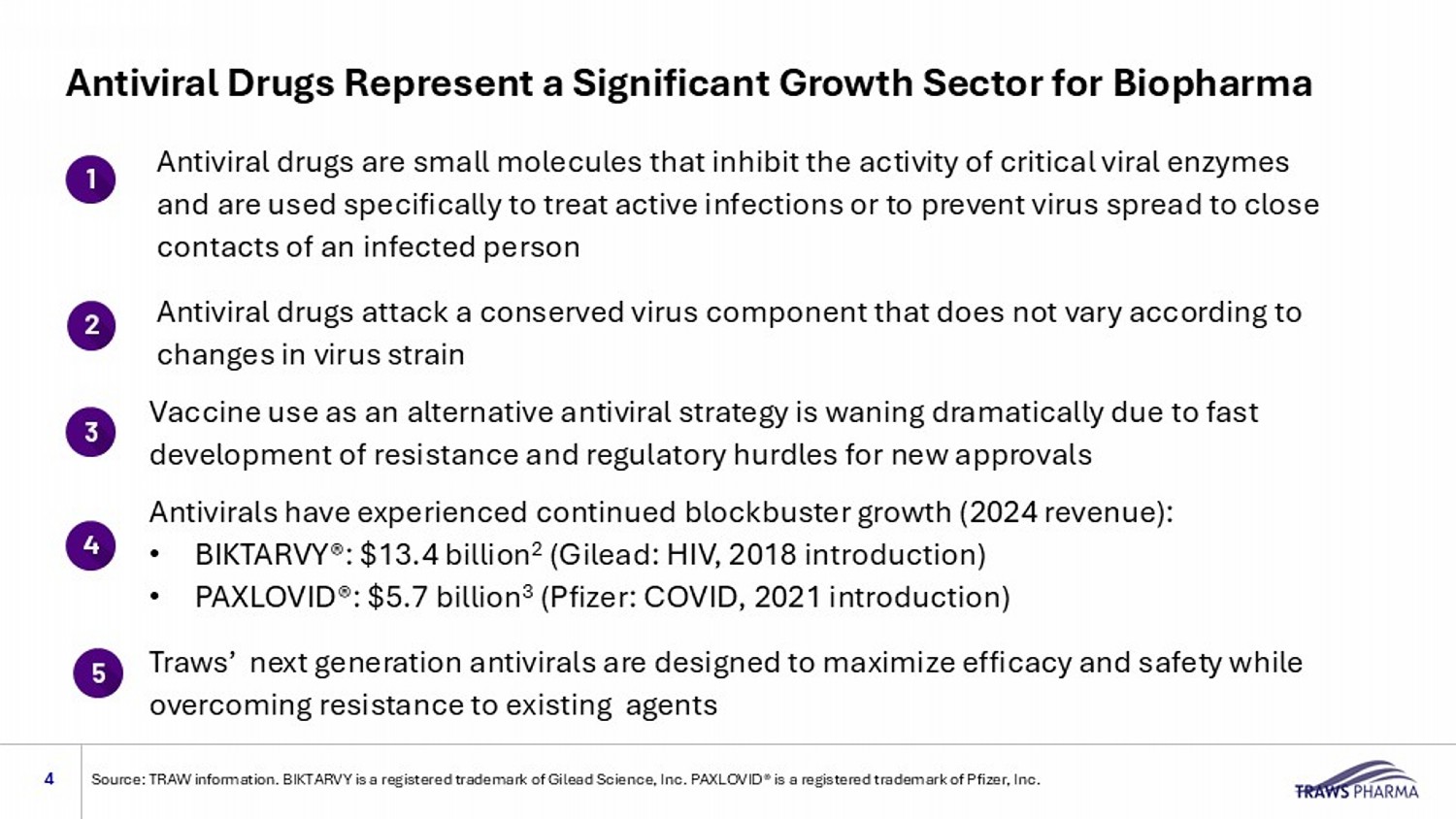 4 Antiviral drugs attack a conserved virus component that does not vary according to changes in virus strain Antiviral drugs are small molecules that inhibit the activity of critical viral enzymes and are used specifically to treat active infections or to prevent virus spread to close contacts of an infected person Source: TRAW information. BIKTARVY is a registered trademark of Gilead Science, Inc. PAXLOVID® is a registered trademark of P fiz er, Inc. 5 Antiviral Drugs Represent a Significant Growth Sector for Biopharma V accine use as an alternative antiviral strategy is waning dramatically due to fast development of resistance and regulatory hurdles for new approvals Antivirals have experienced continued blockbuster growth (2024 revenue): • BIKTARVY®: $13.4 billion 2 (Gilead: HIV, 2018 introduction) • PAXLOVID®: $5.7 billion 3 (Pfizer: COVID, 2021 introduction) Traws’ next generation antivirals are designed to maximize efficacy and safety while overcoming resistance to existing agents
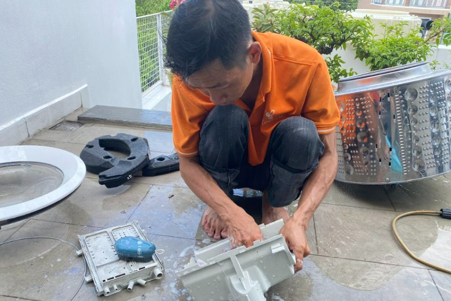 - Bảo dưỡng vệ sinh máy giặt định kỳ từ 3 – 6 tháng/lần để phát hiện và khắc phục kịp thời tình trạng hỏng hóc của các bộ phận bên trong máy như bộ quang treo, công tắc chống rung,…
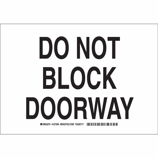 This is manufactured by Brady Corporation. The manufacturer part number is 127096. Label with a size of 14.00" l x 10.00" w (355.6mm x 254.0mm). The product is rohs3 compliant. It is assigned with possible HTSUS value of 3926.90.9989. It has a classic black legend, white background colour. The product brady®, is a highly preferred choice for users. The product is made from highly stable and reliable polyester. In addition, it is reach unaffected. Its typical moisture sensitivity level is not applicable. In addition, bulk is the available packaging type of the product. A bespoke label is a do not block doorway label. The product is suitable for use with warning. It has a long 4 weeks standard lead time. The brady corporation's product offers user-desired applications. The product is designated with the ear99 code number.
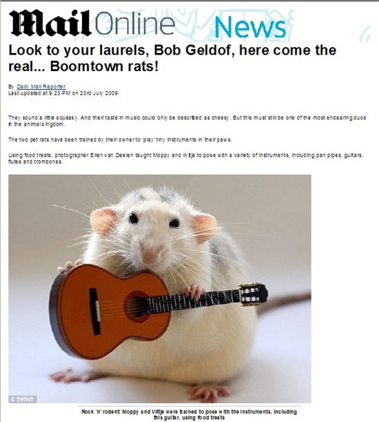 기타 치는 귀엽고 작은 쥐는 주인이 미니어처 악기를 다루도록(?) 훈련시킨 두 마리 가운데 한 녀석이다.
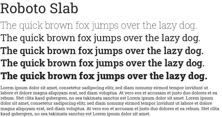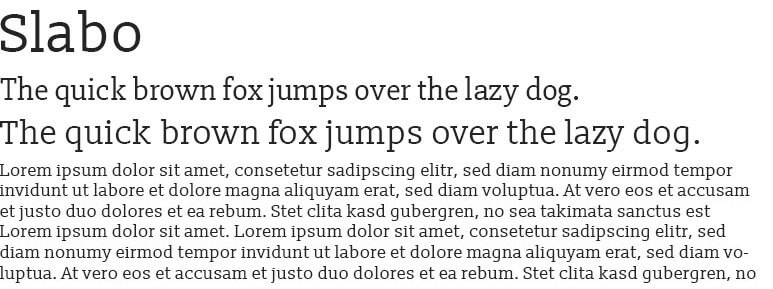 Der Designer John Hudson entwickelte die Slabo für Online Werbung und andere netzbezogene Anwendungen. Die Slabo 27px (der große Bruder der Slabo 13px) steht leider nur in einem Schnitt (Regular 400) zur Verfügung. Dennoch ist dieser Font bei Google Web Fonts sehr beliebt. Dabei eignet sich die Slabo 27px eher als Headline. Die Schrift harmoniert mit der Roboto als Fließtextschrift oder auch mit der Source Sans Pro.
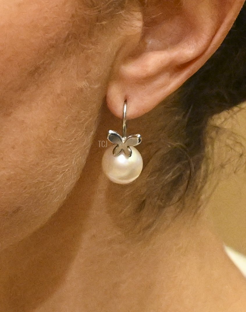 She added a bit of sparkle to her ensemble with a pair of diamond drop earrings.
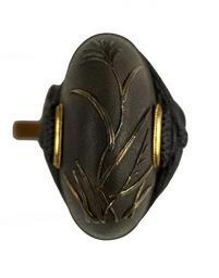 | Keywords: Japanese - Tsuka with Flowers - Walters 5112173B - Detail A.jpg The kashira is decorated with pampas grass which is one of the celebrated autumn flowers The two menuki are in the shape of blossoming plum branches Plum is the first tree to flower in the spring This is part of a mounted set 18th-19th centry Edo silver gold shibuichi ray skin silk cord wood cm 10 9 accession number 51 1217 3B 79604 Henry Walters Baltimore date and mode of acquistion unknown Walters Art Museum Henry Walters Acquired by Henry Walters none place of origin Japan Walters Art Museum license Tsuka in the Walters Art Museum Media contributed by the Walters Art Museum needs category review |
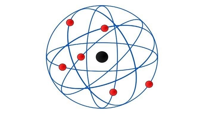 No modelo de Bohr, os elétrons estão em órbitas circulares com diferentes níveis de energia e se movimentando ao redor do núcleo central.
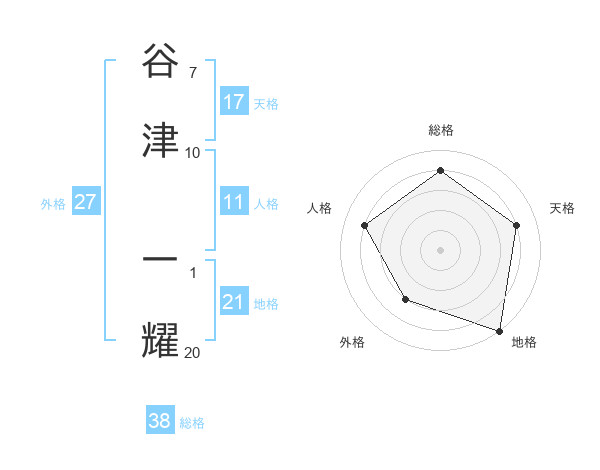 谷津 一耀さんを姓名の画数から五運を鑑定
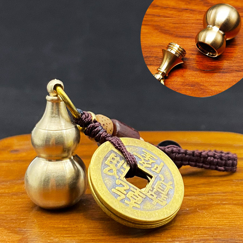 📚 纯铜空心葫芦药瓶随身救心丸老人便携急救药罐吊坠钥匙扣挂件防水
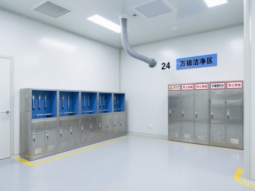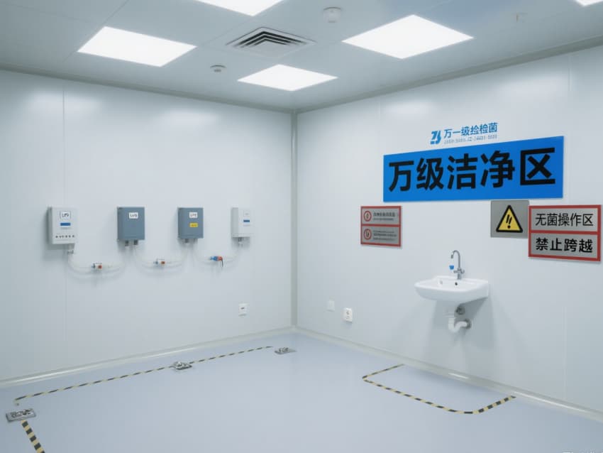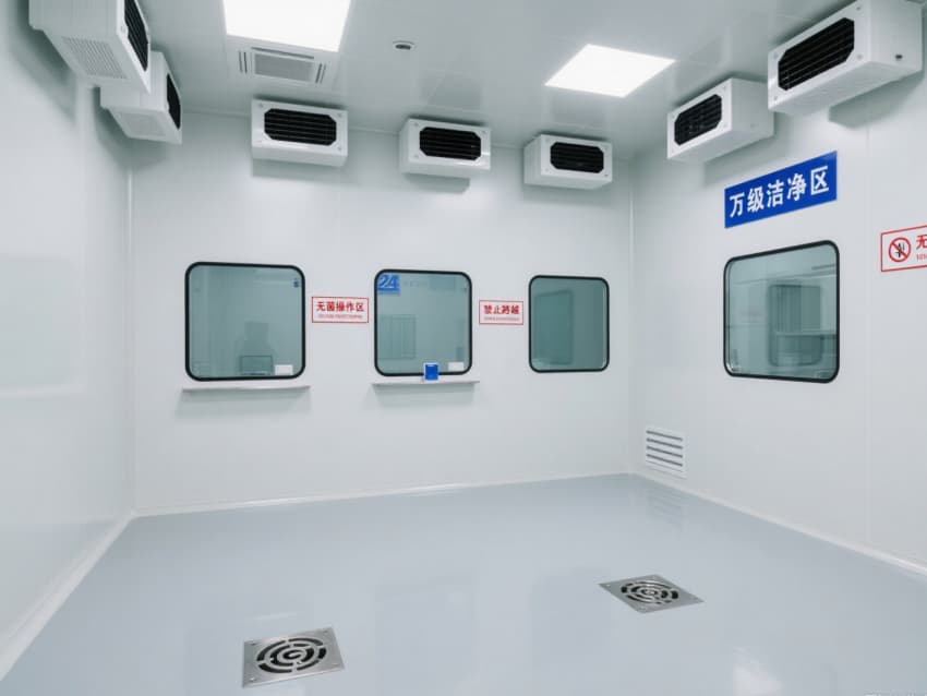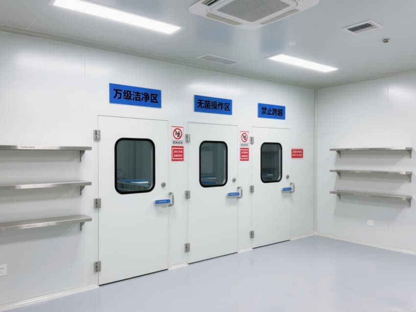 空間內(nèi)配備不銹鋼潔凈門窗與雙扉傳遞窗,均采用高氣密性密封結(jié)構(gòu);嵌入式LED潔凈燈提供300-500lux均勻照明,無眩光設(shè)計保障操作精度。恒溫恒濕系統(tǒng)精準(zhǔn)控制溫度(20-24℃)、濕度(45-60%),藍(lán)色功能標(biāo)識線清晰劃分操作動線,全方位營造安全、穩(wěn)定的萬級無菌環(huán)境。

- What the task requires -
Without changing a word, retype every entry above, but drop its pictures.

- Problem solution -
 4 Antiviral drugs attack a conserved virus component that does not vary according to changes in virus strain Antiviral drugs are small molecules that inhibit the activity of critical viral enzymes and are used specifically to treat active infections or to prevent virus spread to close contacts of an infected person Source: TRAW information. BIKTARVY is a registered trademark of Gilead Science, Inc. PAXLOVID® is a registered trademark of P fiz er, Inc. 5 Antiviral Drugs Represent a Significant Growth Sector for Biopharma V accine use as an alternative antiviral strategy is waning dramatically due to fast development of resistance and regulatory hurdles for new approvals Antivirals have experienced continued blockbuster growth (2024 revenue): • BIKTARVY®: $13.4 billion 2 (Gilead: HIV, 2018 introduction) • PAXLOVID®: $5.7 billion 3 (Pfizer: COVID, 2021 introduction) Traws’ next generation antivirals are designed to maximize efficacy and safety while overcoming resistance to existing agents
 - Bảo dưỡng vệ sinh máy giặt định kỳ từ 3 – 6 tháng/lần để phát hiện và khắc phục kịp thời tình trạng hỏng hóc của các bộ phận bên trong máy như bộ quang treo, công tắc chống rung,…
 This is manufactured by Brady Corporation. The manufacturer part number is 127096. Label with a size of 14.00" l x 10.00" w (355.6mm x 254.0mm). The product is rohs3 compliant. It is assigned with possible HTSUS value of 3926.90.9989. It has a classic black legend, white background colour. The product brady®, is a highly preferred choice for users. The product is made from highly stable and reliable polyester. In addition, it is reach unaffected. Its typical moisture sensitivity level is not applicable. In addition, bulk is the available packaging type of the product. A bespoke label is a do not block doorway label. The product is suitable for use with warning. It has a long 4 weeks standard lead time. The brady corporation's product offers user-desired applications. The product is designated with the ear99 code number.
 기타 치는 귀엽고 작은 쥐는 주인이 미니어처 악기를 다루도록(?) 훈련시킨 두 마리 가운데 한 녀석이다.
 Der Designer John Hudson entwickelte die Slabo für Online Werbung und andere netzbezogene Anwendungen. Die Slabo 27px (der große Bruder der Slabo 13px) steht leider nur in einem Schnitt (Regular 400) zur Verfügung. Dennoch ist dieser Font bei Google Web Fonts sehr beliebt. Dabei eignet sich die Slabo 27px eher als Headline. Die Schrift harmoniert mit der Roboto als Fließtextschrift oder auch mit der Source Sans Pro.
 She added a bit of sparkle to her ensemble with a pair of diamond drop earrings.
 | Keywords: Japanese - Tsuka with Flowers - Walters 5112173B - Detail A.jpg The kashira is decorated with pampas grass which is one of the celebrated autumn flowers The two menuki are in the shape of blossoming plum branches Plum is the first tree to flower in the spring This is part of a mounted set 18th-19th centry Edo silver gold shibuichi ray skin silk cord wood cm 10 9 accession number 51 1217 3B 79604 Henry Walters Baltimore date and mode of acquistion unknown Walters Art Museum Henry Walters Acquired by Henry Walters none place of origin Japan Walters Art Museum license Tsuka in the Walters Art Museum Media contributed by the Walters Art Museum needs category review |
 No modelo de Bohr, os elétrons estão em órbitas circulares com diferentes níveis de energia e se movimentando ao redor do núcleo central.
 谷津 一耀さんを姓名の画数から五運を鑑定
 📚 纯铜空心葫芦药瓶随身救心丸老人便携急救药罐吊坠钥匙扣挂件防水
 空間內(nèi)配備不銹鋼潔凈門窗與雙扉傳遞窗,均采用高氣密性密封結(jié)構(gòu);嵌入式LED潔凈燈提供300-500lux均勻照明,無眩光設(shè)計保障操作精度。恒溫恒濕系統(tǒng)精準(zhǔn)控制溫度(20-24℃)、濕度(45-60%),藍(lán)色功能標(biāo)識線清晰劃分操作動線,全方位營造安全、穩(wěn)定的萬級無菌環(huán)境。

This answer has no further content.